= Mickey Finn (inventor) =

American weapon designer (1938–2007)

Charles Albert "Mickey" Finn (June 21, 1938 – April 24, 2007) was an American weapon designer who specialized in designing military equipment for the United States Armed Forces, most famously the M9 bayonet. After retiring, he focused on designing knives and sports equipment, including the Mickey Finn T-Bar putter.

== Career ==
Finn worked as a delicatessen owner until 1975, when he transitioned to the defense industry.

Finn's company, Qual-A-Tec, also called Phrobis III, Ltd., was based in Oceanside, California, and later in Chino Valley, Arizona. Qual-A-Tec specialized in designing and producing weapons systems, their most famous design being the M9 bayonet for the M16 rifle in 1986, which was the only design out of 49 other contract bids that had a zero percent rate of failure. At the time, the company consisted of just ten employees, including Finn and his wife, Wendy. Qual-A-Tec also produced firearm muzzle devices such as suppressors, flash hiders, and muzzle brakes, including a custom suppressor for the Heckler & Koch MP5K-PDW, as well as other weapons systems, including some classified projects. In the industry he was referred to as "Q", after the special weapons supplier Q in James Bond fiction and the name of Qual-A-Tec.

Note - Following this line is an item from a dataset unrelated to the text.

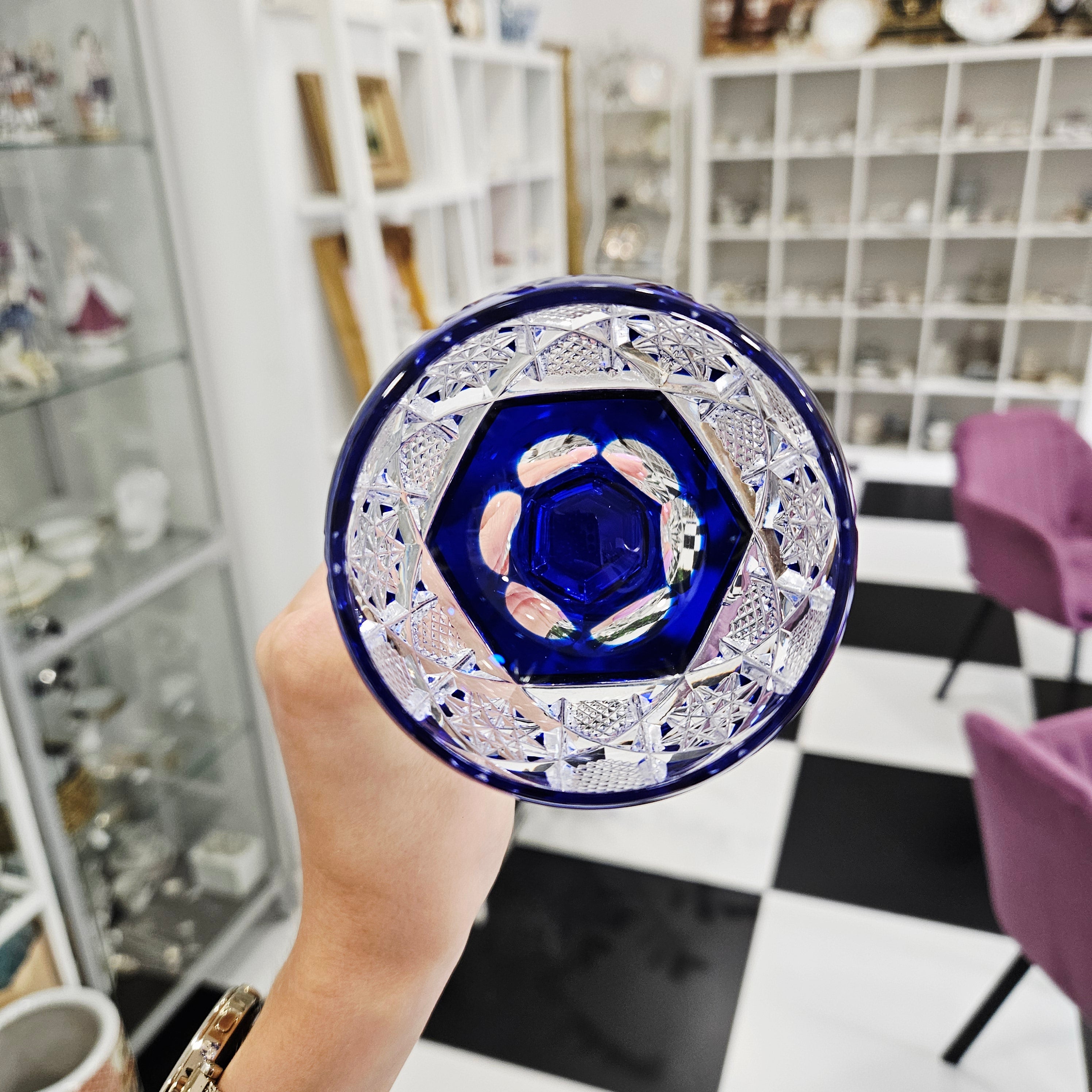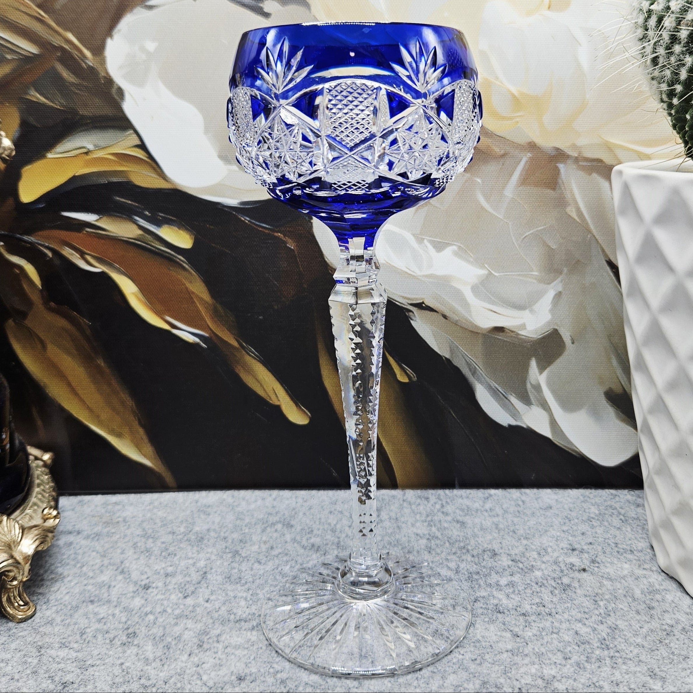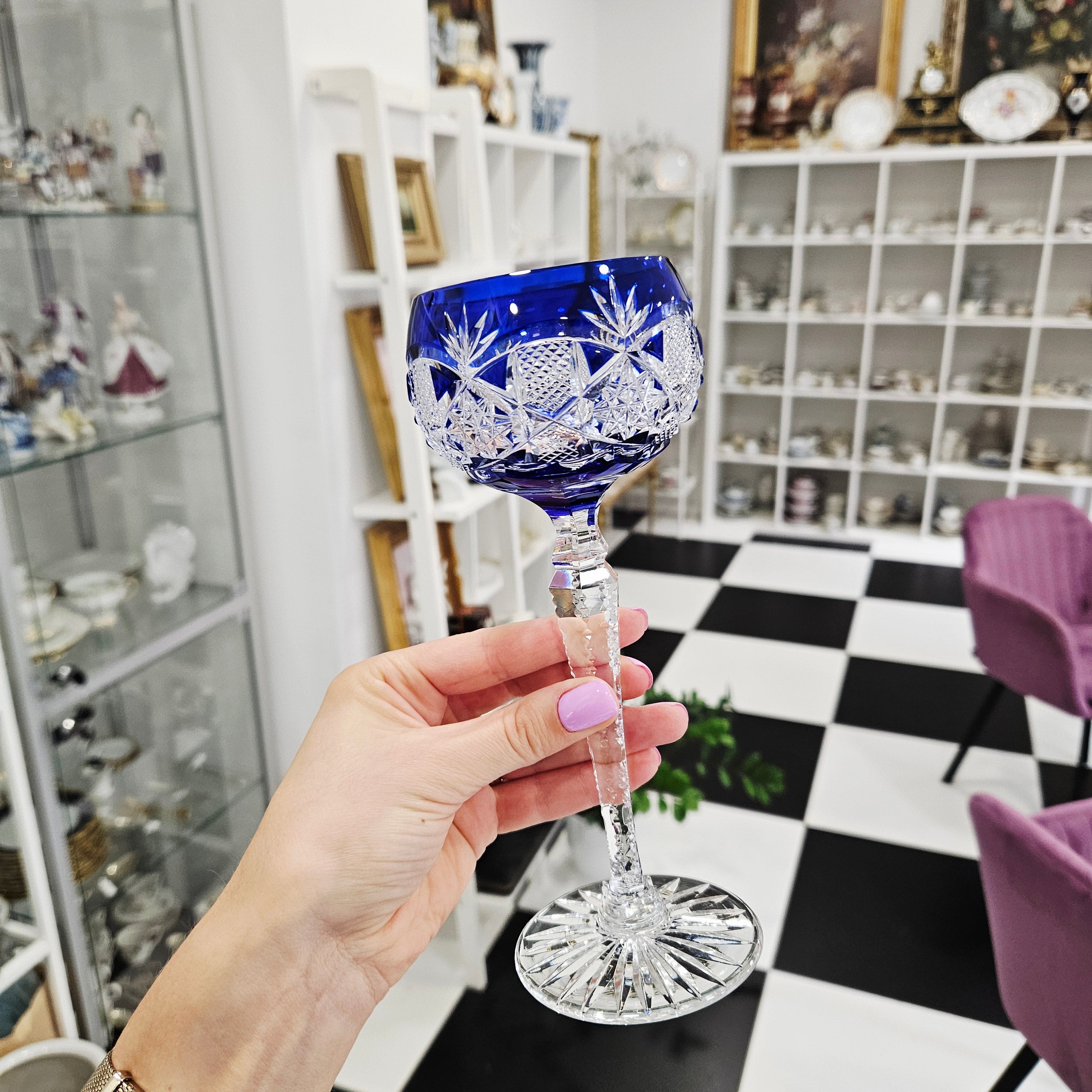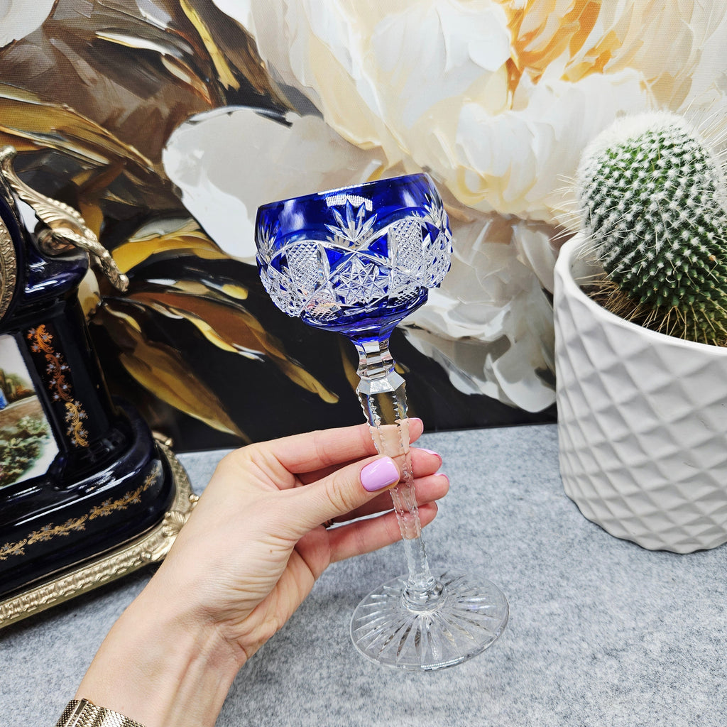 Dieses blaue Weinglas, das von Val Saint Lambert, einem der berühmtesten Kristallhersteller der Welt, entworfen wurde, ist ein wahres Symbol für Eleganz und Luxus. Seine unverwechselbare Farbe erinnert an einen glitzernden Smaragd, der mit seinem verspielten Funkeln die Blicke auf sich zieht und einen einzigartigen ästhetischen Eindruck vermittelt. Das Kristall im Glas zeichnet sich durch seine makellose Klarheit und Brillanz aus und verleiht jedem Getränk ein besonderes Aussehen.

In 1988, after extensive research into black operations, author Tom Clancy used Finn's name to add an extra measure of realism to The Cardinal of the Kremlin, inadvertently publicly revealing his and Qual-A-Tec's involvement in classified weapons development. Following this exposure, Finn retired from the defense industry and started a business selling military and hunting knives, while also designing sports equipment. He remained active in these ventures until his death in 2007.